Debt is a serious issue for many people across the world. It can lead to loss of personal property, a lower quality of life, and severe health issues such as stress and anxiety. Like quicksand, it is very easy to become entrapped in its vicious snare, and very difficult to escape from without help.
Luckily, there are many resources to research in order to find expert tips on debt management. In this guide, you will find five steps that will help start you on the road to financial recovery.
1. Start a Budget
This is a pretty easy start. Take a thorough look at your income, your monthly expenses, and finally your assets. Write these values down in an organized, easy to read manner, or search out an online budget worksheet to enter all of your information on.
Pay close attention to the amount of money that is entering your budget, and how much is exiting per month. It is an easy mistake to make when you spend a bit more than you make. If this is so, your spending habits must be changed immediately.
Calling your credit card company can be a very worthwhile endeavor. In all honesty, it cannot hurt to ask for a lower interest rate. It has been said that many people simply do not think to call their creditors while their finances fall into debt. If you feel yourself falling behind, please take this into serious consideration.
3. Consolidate your Commitments
If you have multiple credit card and loan bills coming at you every month, it is understandable how you could feel smothered or constrained by debt. A good way to relieve this tension is to fold these obligations into one easy to handle loan that you pay once a month.

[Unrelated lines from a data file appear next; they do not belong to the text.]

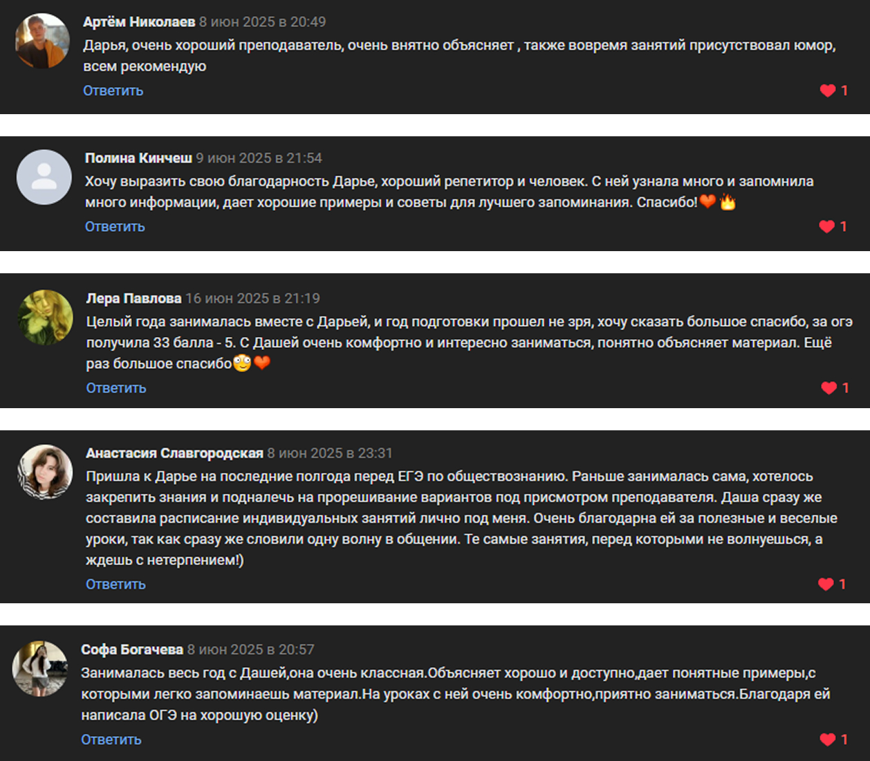 ОТЗЫВЫ О ЗАНЯТИЯХ С НАШИМИ ПРЕПОДАВАТЕЛЯМИ
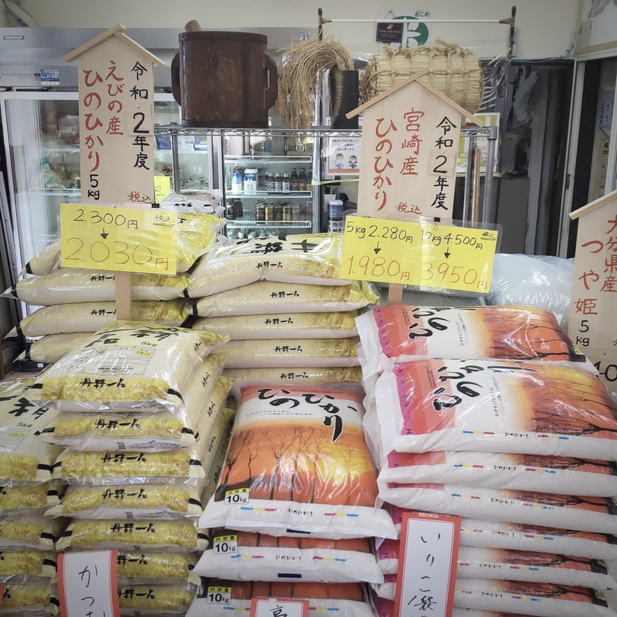 当店で取り扱うお米は、えびの産ひのひかりを主力商品に宮崎産(都城、西都地区)ヒノヒカリ、大分産つや姫。業務用米を取り扱っております。
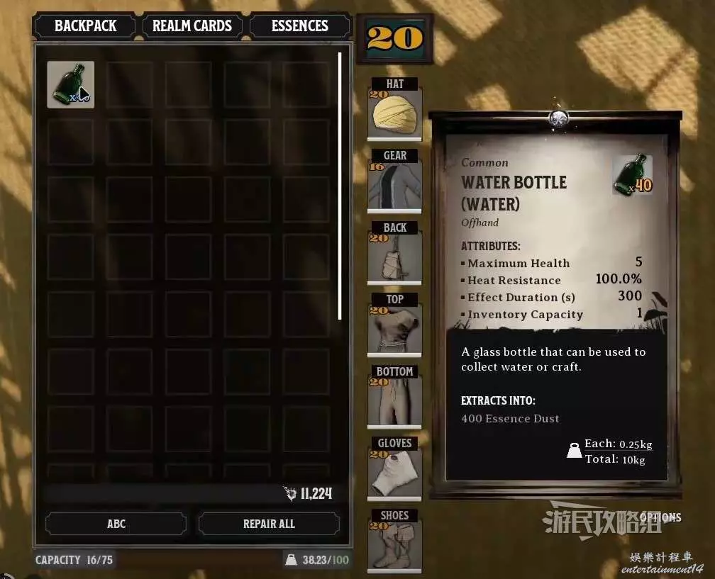 ②提煉40個水瓶,獲得400精塵。

Credit card payments can be consolidated this way, as can student loans. This will help you stay ahead instead of falling behind while juggling multiple payments.
4. Prioritize Payments
Sometimes you just cannot help but miss a bill, right? It can happen to anybody. When that happens, though, you are faced with a tough decision. It is recommended that you keep current on obligations such as mortgages and auto loans. Necessities such as utility bills and very important debts such as student loans or federal taxes should take priority. It hurts to let some things slide, but at the end of the day, some things are just more pertinent than others.

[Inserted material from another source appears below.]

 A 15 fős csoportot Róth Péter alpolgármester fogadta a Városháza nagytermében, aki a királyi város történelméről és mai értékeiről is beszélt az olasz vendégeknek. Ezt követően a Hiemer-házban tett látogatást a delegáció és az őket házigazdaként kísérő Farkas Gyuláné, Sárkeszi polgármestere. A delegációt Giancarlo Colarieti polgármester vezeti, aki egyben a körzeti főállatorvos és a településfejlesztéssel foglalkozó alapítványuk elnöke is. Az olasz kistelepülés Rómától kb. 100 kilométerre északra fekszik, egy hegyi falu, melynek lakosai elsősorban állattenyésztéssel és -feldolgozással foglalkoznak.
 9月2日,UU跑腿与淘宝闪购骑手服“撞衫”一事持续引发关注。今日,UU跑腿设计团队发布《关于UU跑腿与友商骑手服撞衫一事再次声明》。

5. Consult a Credit Counselor
While it is possible to handle things yourself, there are professionals available for a reason. Besides, two heads are better than one in some cases. A counselor can negotiate with your creditors on your behalf, and possibly make a better deal than you could ever land on your own. They could even potentially get some late fees or penalties eliminated for you. They will also act as a consolidator, arranging one monthly payment for you that is then distributed to your creditors.

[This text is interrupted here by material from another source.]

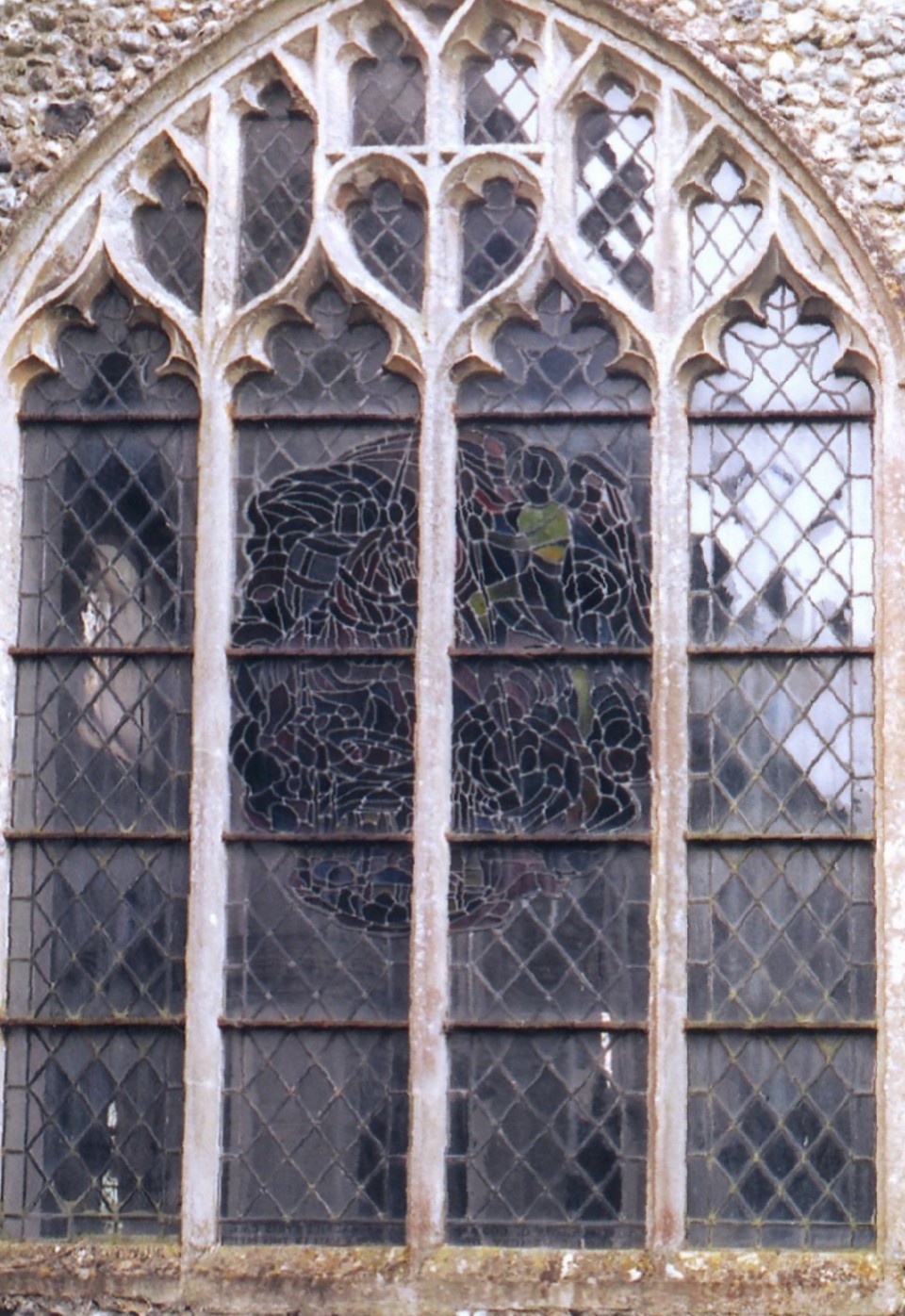 south and west, with cinquefoil-cusped intersecting tracery and transoms.

When choosing a credit counsellor, however, always look for a non-profit agency. Experts say that for-profit agencies tend to get worse deals for you than that of a non-profit, or even if you were to just negotiate for yourself.
Debt is a scary nightmare that feels impossible to wake up from, but it is not possible. All it takes are a few carefully thought out decisions and asking the right people for help. Just keep your head up, your mind calm, and walk yourself through these steps and you may just find yourself walking the road to success once more.